Dataset:
%%

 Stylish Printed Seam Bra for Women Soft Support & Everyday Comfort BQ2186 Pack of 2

%%
%%

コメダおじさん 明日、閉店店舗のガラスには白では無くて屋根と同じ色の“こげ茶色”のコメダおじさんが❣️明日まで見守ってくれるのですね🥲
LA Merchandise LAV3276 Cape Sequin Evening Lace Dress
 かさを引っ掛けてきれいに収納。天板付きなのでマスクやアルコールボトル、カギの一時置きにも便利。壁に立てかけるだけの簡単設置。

%%

Instructions to follow: Everything from the line with "LA Merchandise LAV3276" through the line with "かさを引っ掛けてきれいに収納" should be written out exactly as it appears above, end lines included, and nothing outside that range.

Task output:
LA Merchandise LAV3276 Cape Sequin Evening Lace Dress
 かさを引っ掛けてきれいに収納。天板付きなのでマスクやアルコールボトル、カギの一時置きにも便利。壁に立てかけるだけの簡単設置。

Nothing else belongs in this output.